Retype only what runs from the beginning of the data through the line with "From the main"; please omit the pictures and keep every line exact.

*** GIVEN ENTRIES ***

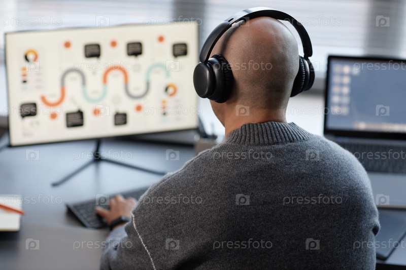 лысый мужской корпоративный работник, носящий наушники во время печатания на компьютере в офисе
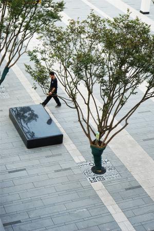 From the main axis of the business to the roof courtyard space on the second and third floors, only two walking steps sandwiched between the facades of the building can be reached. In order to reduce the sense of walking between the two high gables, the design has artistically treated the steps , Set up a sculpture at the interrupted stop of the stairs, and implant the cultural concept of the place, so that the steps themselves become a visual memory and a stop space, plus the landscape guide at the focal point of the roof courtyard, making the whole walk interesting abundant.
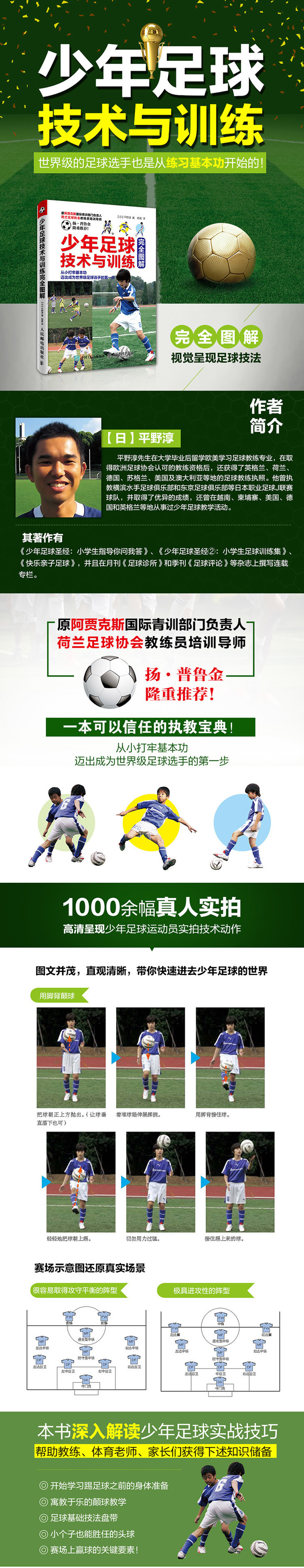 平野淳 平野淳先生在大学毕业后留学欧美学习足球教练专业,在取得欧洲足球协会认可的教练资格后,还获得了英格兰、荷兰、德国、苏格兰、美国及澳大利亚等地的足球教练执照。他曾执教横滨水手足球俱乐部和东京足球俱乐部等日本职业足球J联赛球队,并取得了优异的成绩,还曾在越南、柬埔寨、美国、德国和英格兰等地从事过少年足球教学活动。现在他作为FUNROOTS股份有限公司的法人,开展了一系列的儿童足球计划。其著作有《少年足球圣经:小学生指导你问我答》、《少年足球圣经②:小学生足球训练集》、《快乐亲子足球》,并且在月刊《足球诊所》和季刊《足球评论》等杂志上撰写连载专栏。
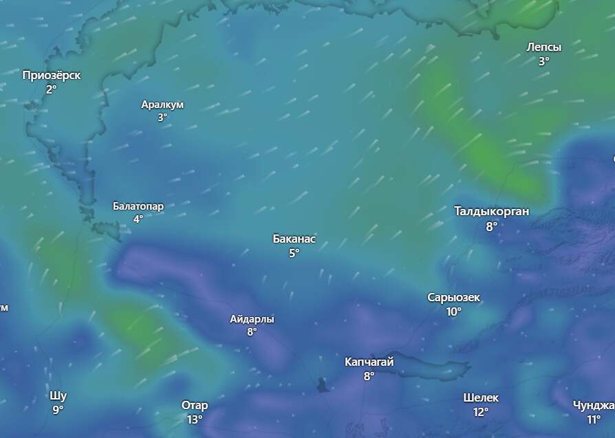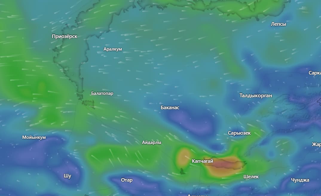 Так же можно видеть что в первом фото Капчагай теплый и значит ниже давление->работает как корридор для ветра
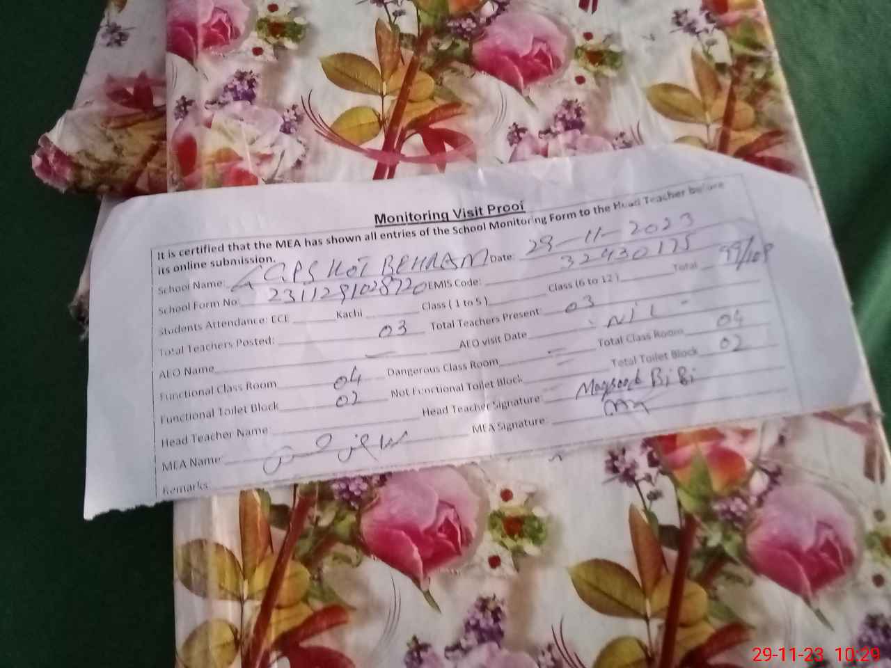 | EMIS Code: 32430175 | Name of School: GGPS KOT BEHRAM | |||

***

(EXPECTED OUTPUT):
 лысый мужской корпоративный работник, носящий наушники во время печатания на компьютере в офисе
 From the main axis of the business to the roof courtyard space on the second and third floors, only two walking steps sandwiched between the facades of the building can be reached. In order to reduce the sense of walking between the two high gables, the design has artistically treated the steps , Set up a sculpture at the interrupted stop of the stairs, and implant the cultural concept of the place, so that the steps themselves become a visual memory and a stop space, plus the landscape guide at the focal point of the roof courtyard, making the whole walk interesting abundant.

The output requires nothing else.